Author: Lesley K. McAllister

Tropical deforestation is a major source of greenhouse gas (GHG) emissions, estimated to contribute as much as 25% of global emissions. In Brazil, which is reported to be the fourth-largest GHG emitter, deforestation causes about 75% of all national emissions. Yet deforestation in Brazil and other countries with tropical forests has proven very difficult to control, in part because of the weakness of national legal and regulatory institutions for environmental protection. And while it is a major topic in climate change negotiations, the issue of reducing emissions from deforestation in developing countries has not yet been directly addressed within international law.

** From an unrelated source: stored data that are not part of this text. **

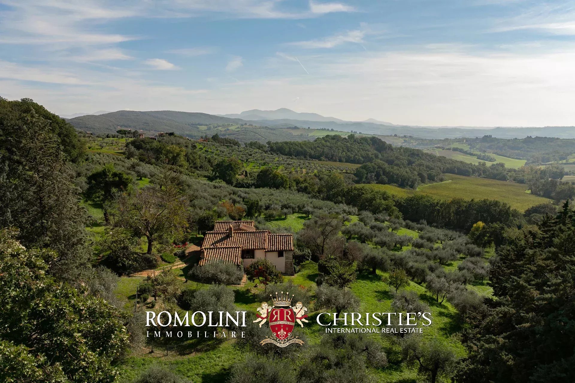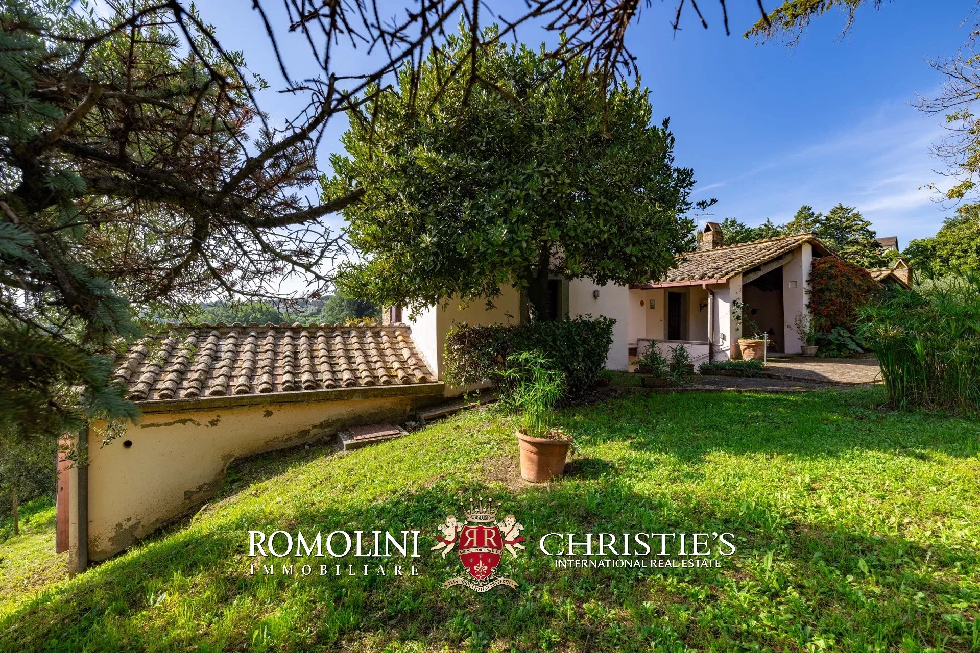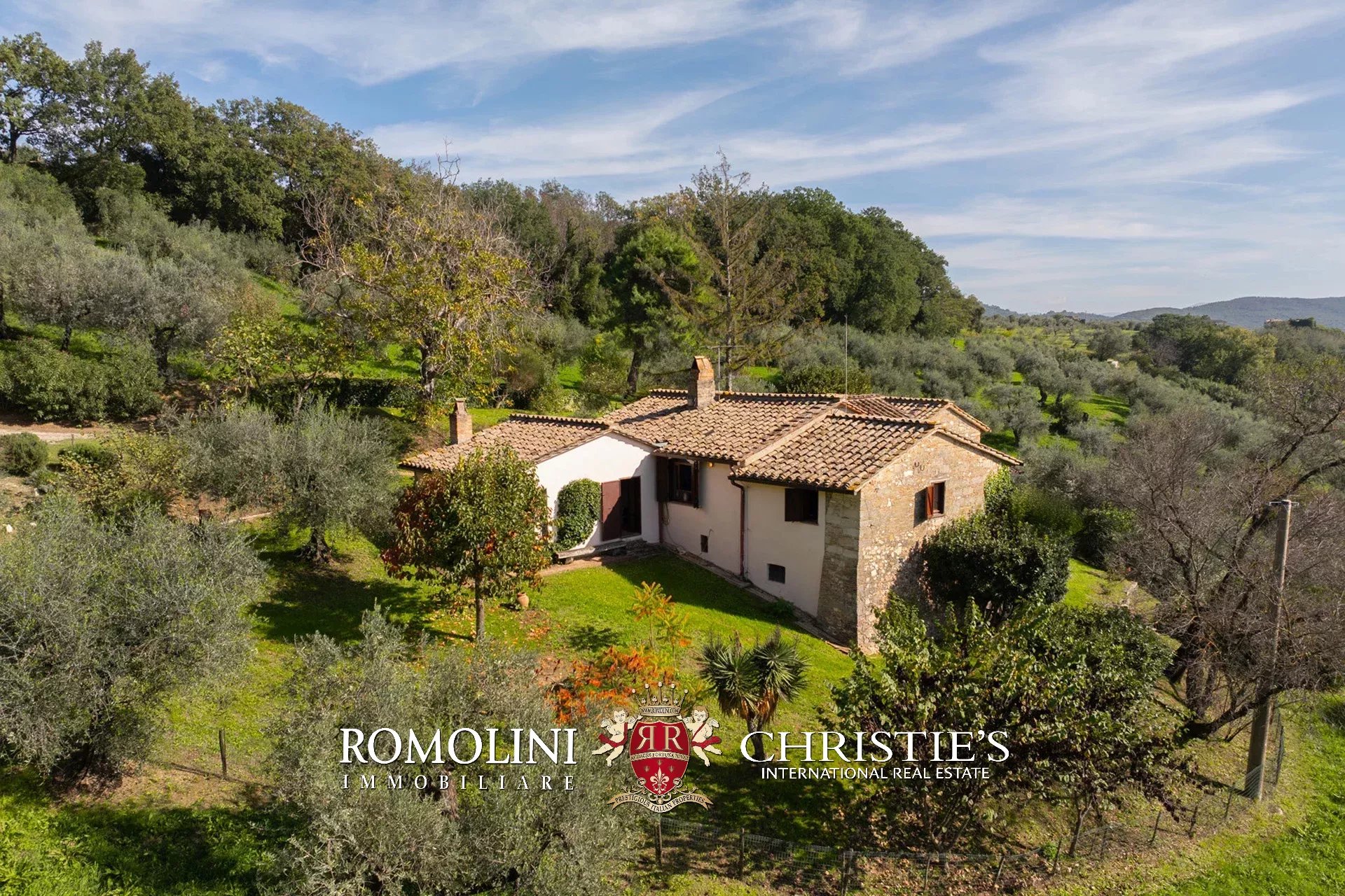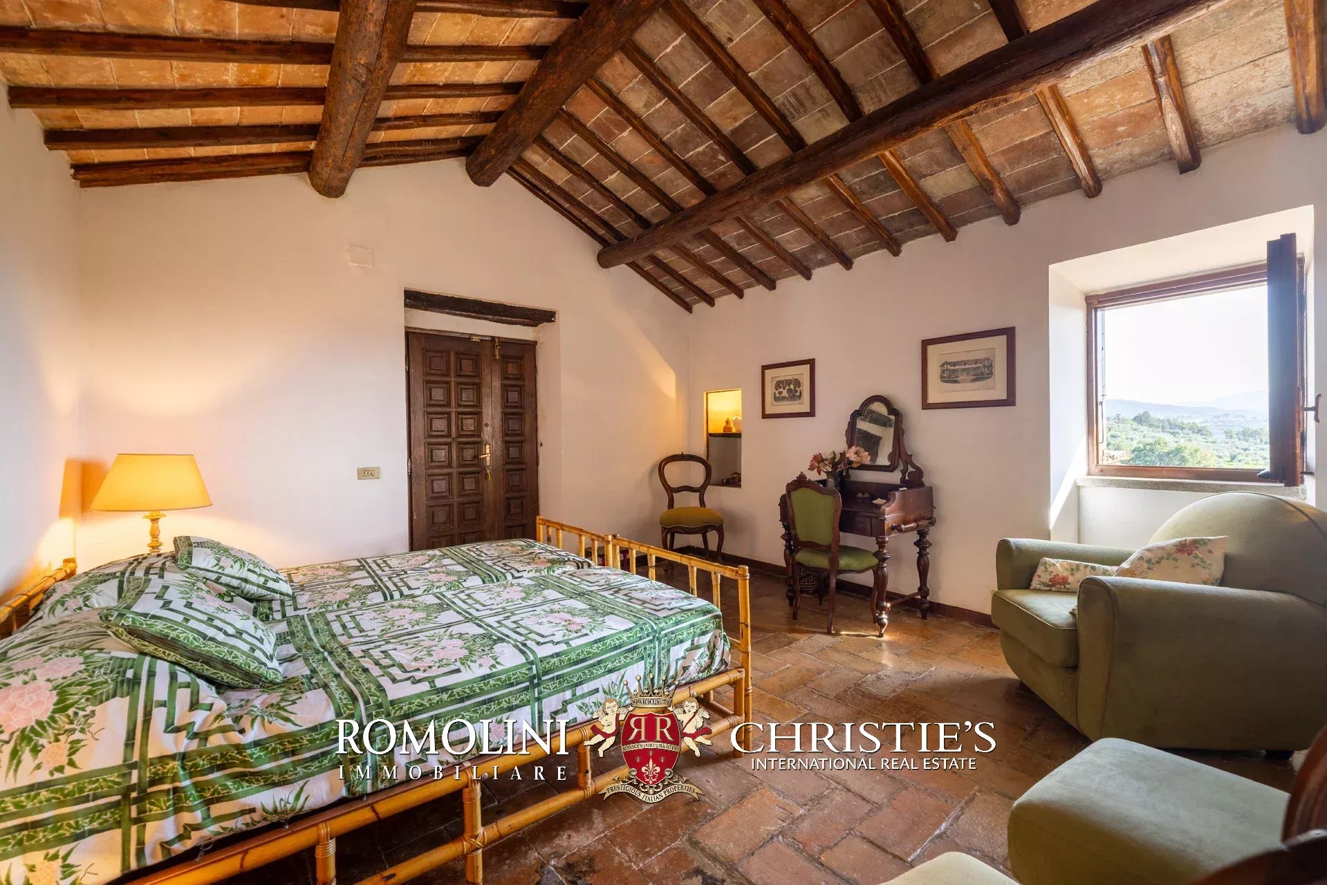 L’abitazione (266 m²), accogliente e strutturata negli anni Novanta in modo garbato nel rispetto dello stile originale, si sviluppa su due livelli ed è strutturata attorno a una torre di avvistamento del Seicento. L’ingresso avviene attraverso un ampio portico con un suggestivo tavolo in pietra peperino e un grande forno a legna, ideale per cene all’aperto. Da qui si accede a un luminoso salone con camino in pietra, caratterizzato da panorami che si aprono su due lati opposti. Adiacente al salone si trova una cucina abitabile in muratura, completa di camino, decorazioni in maiolica e spaziosi piani di lavoro.
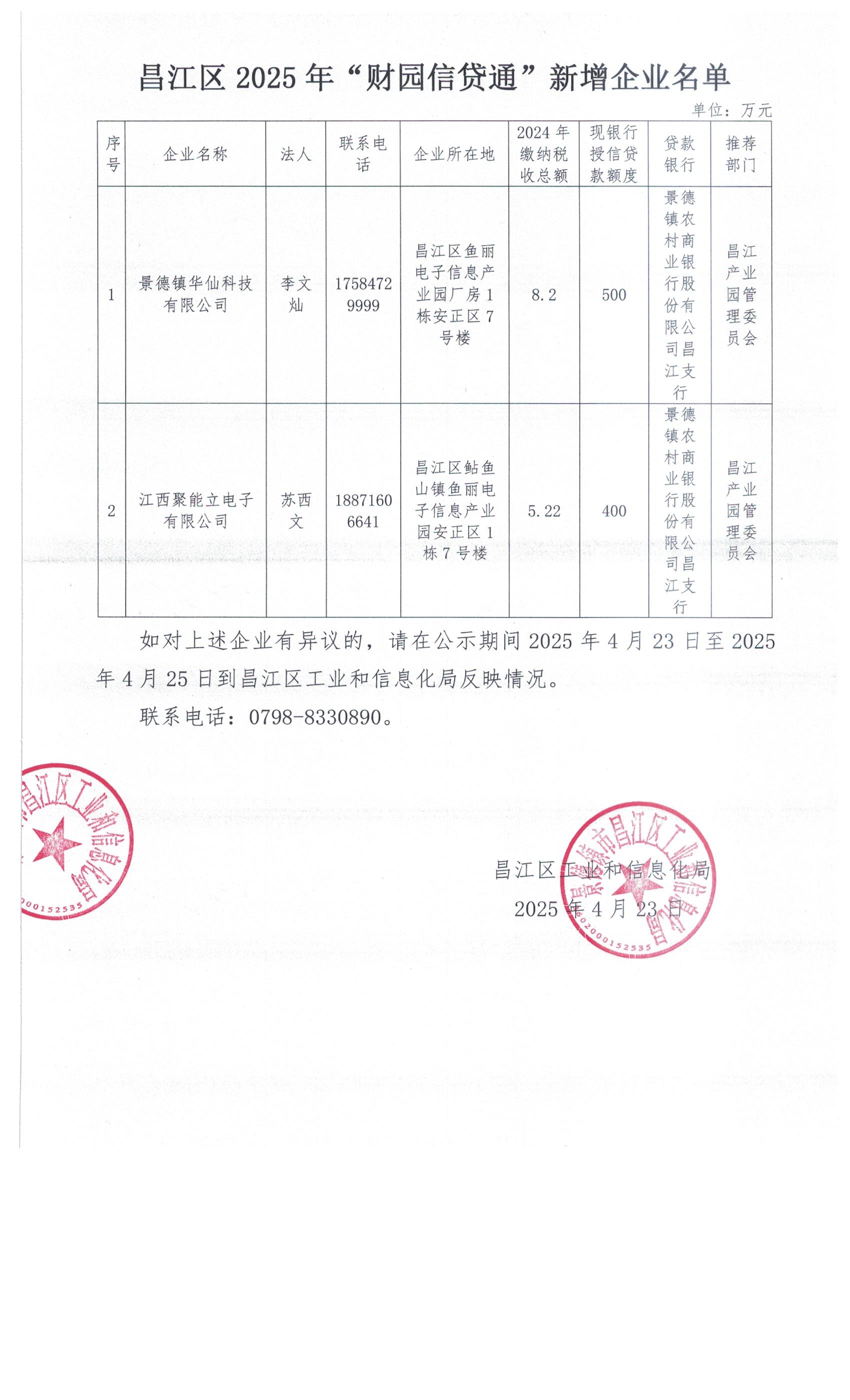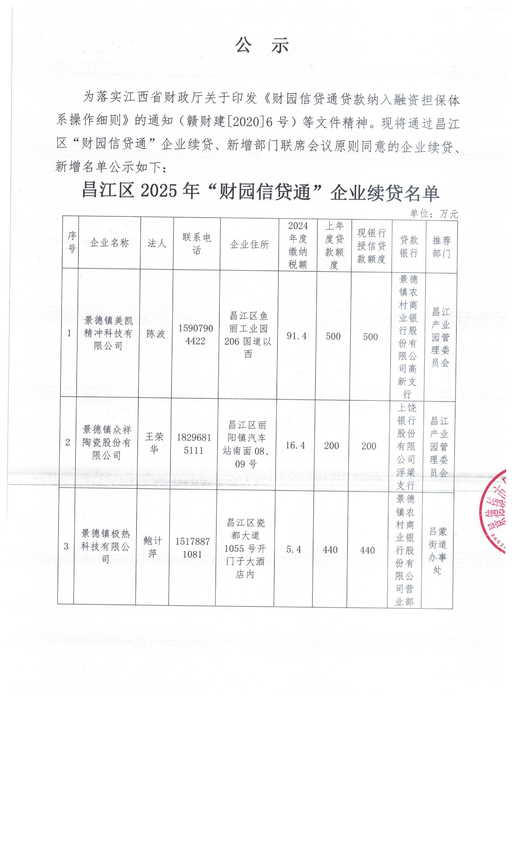昌江区2025年“财园信贷通”续贷企业及新增企业名单公示
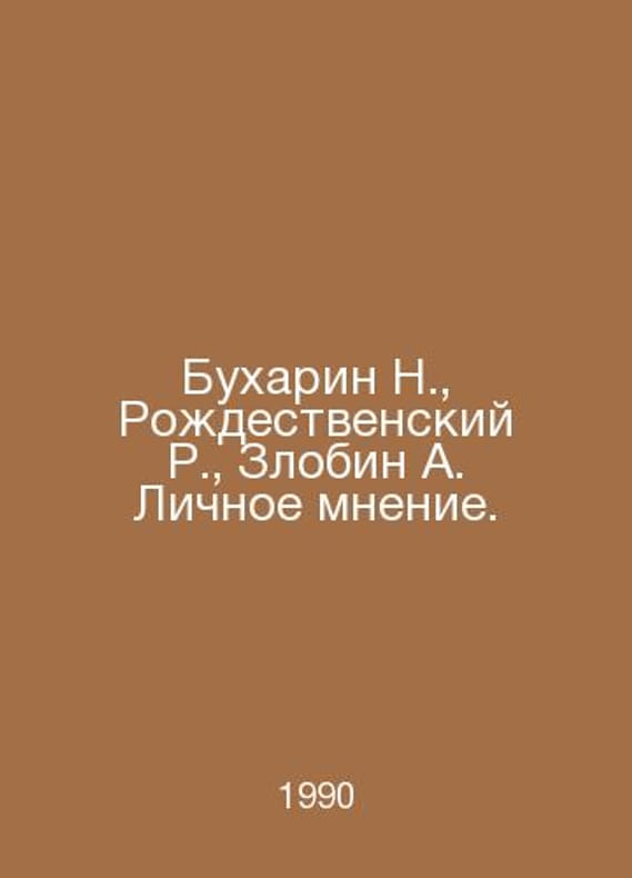 N. Bukharin, Rozhdestvensky R., Zlobin A. Personal opinion. In Russian /Bukharin N., Rozhdestvenskiy R., Zlobin A. Lichnoe mnenie. M Soviet writer 1990.Contact us for details or to request photos of available books. Delivery of this book could take longer than normal due to additional handling time before shipping, and no rush delivery options are available. Please let us know if you have a specific date by which you need to receive your order.SKUalb9818c5db15d90012
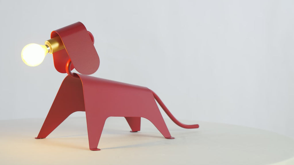 Designed to look like a friendly dog, kids and adults alike will love this playful metal lamp. Designed to pull from industrial and modern elements, this lamp is the perfect way to liven up any minimalist room. Whether you want to lighten up your child's bedroom or your home office, this contemporary lamp is a great addition.
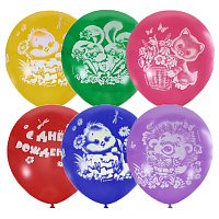 12"/30см Пастель+Декоратор (шелк) 1 ст. рис С Днем Рождения 5шт
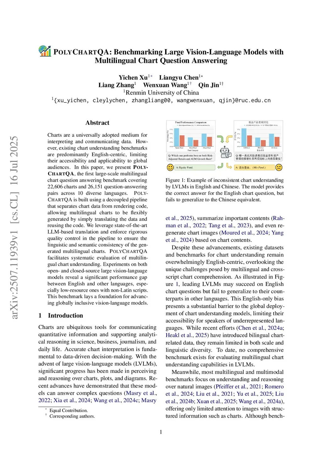 POLYCHARTQA: Benchmarking Large Vision-Language Models with Multilingual Chart Question Answering
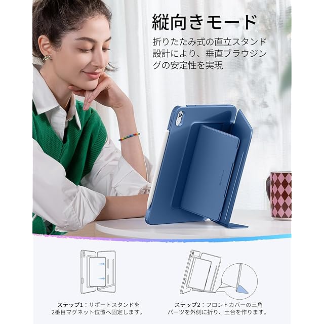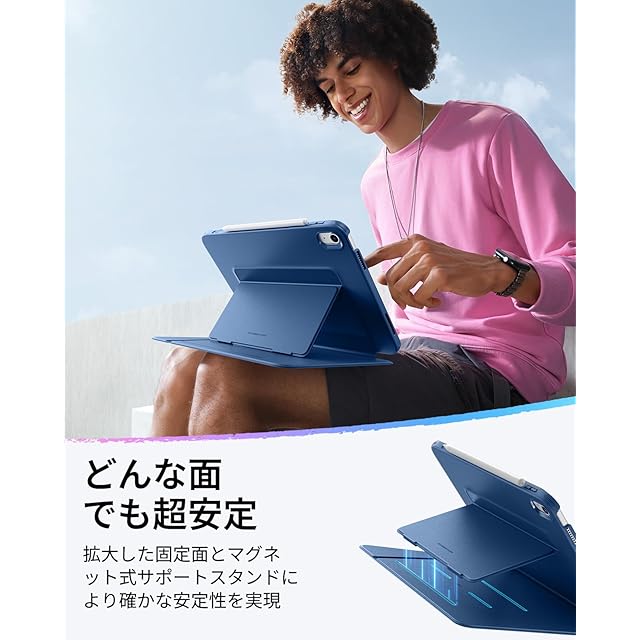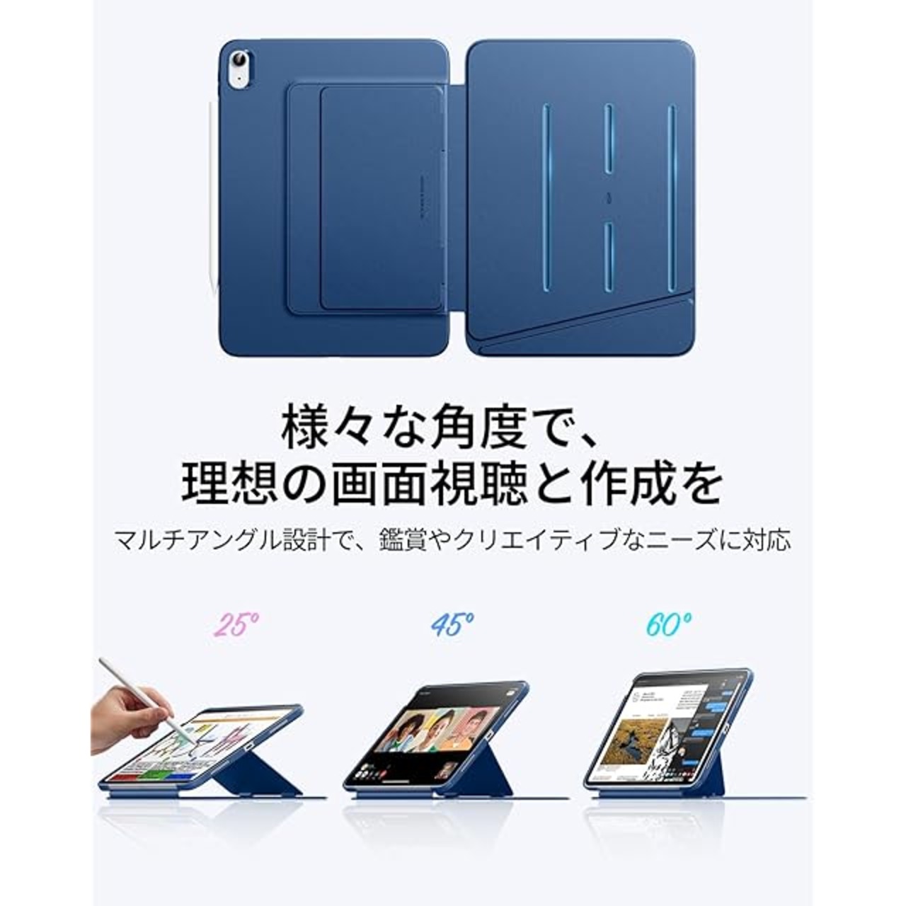 商品名:ESR iPad 11世代 ケース A16 iPad 第10世代 / 第11世代 専用カバー (2022/2025モデル) 耐衝撃 縦横スタンド 自動ウェイク/スリープ マルチアングルケース ペン収納なし 安定設計 11インチ/10.9インチ Flipシリーズ ネイビーブルー
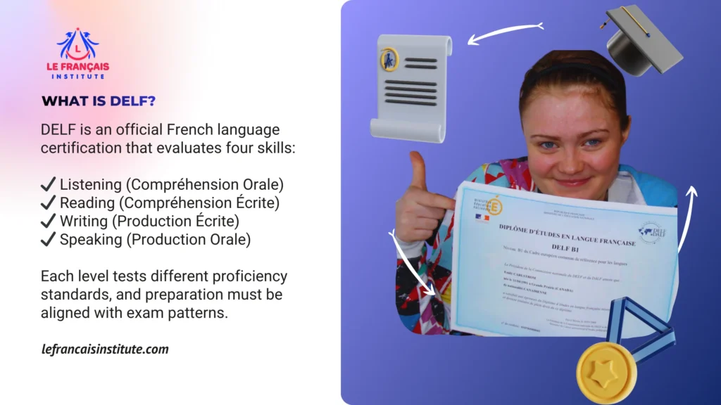 DELF (Diplôme d’Études en Langue Française) is an internationally recognized French diploma awarded by the French Ministry of Education. It is accepted worldwide for education, career opportunities, and immigration purposes.
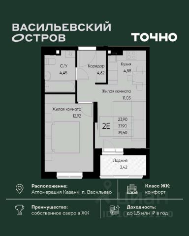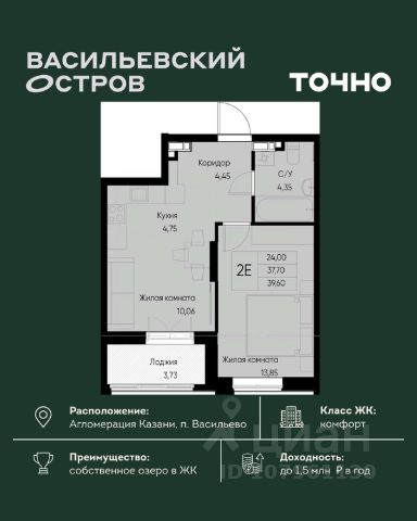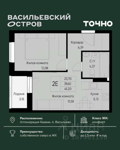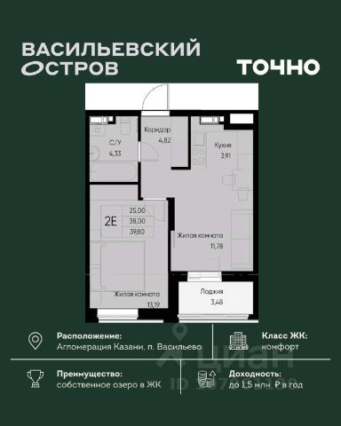 ЖК "Васильевский остров" — масштабный проект ТОЧНО в Казанской агломерации. Просторная территория 88 Га спроектирована для комфортной жизни: озеро с набережной и пляжем, каток, зелёные маршруты. В проекте комплекса — школа на 1 224 места, 2 детских сада на 680 мест, детская и взрослая поликлиники, фитнес-центр с бассейном, термальный комплекс, фермерский рынок, магазины, кафе и рестораны.
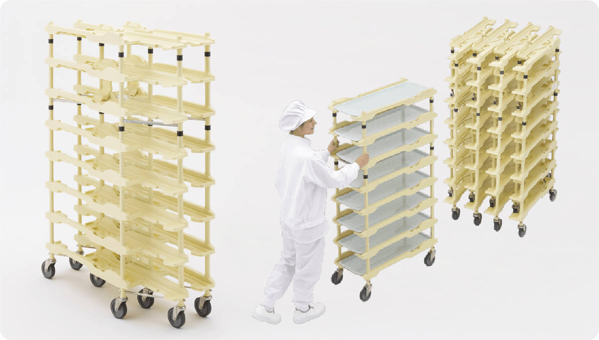 - 折りたたんで作業スペースを確保できるトレイカートFをはじめ、効率的な作業を支援するさまざまなカートをご用意しています。
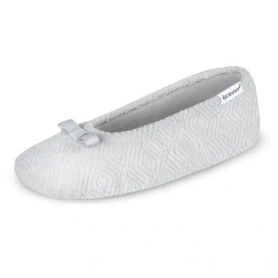 Isotoner Women’s Chevron Microterry Ballerina Slippers, Light Grey, Small/5 6 M US
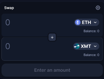 Insert now the amount of ETH, or other token chosen, for the equivalent in XMT. Always remember to have some fraction of ETH to pay the swap fees.
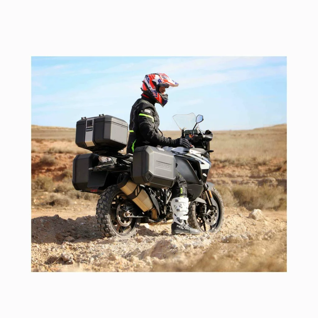 La maleta lateral TR36LB está diseñada, desarrollada y fabricada 100% en Barcelona. Fabricada en aleación de aluminio endurecido, un tipo de aluminio más fuerte y ligero que permite una sección transversal reducida de 1,2 mm para obtener un peso mínimo con la máxima resistencia. La TR36 izquierda Black Edition está acabada con pintura negra en polvo resistente a los arañazos. Incluye el sistema patentado TERRA Lock System.
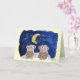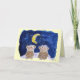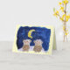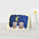 Cute cartoon monkeys are sitting under a banana moon with a starry night of sparkling stars in a special moment together celebrating their anniversary. Funny saying inside reads: "Happy Bananaversary!" and then also "I'm so glad we met"
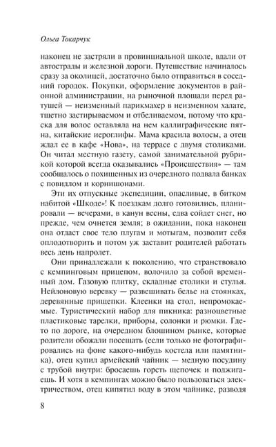 In the novel by one of the world's most original writers, Olga Tokarczuk, reflections on travel are intertwined with mysterious stories linked by the themes of death, movement, prolongation of life, and the mystery of the human body. We are all travelers in this world: some travel with a purpose, some without. Some move through time, some through space. What does it mean to be a traveler, a traveler, a runner? Olga Tokarczuk's fascinating and mind-blowing novel is a true masterpiece.

In Brazil and several other developing countries, deforestation is closely linked to agricultural exports. In the Amazon, the two most important drivers of deforestation have become cattle ranching and soybean cultivation, both increasingly export-driven. While this commodity-driven paradigm threatens to accelerate deforestation as producers expand their participation in international markets, it also provides an opportunity for sustainable consumption governance. "Sustainable consumption" refers to the use of goods and services in a way that meets basic needs and improves quality of life while minimizing natural resources degradation and pollution, so as not to jeopardize the needs of future generations. The term "sustainable consumption governance" as used herein encompasses the diverse array of private and public activities and institutions that seek to lead market participants toward more sustainable consumption.

Lesley K. McAllister is an associate professor at the University of San Diego School of Law and an assistant adjunct professor at the School of International Relations and Pacific Studies at the University of California San Diego.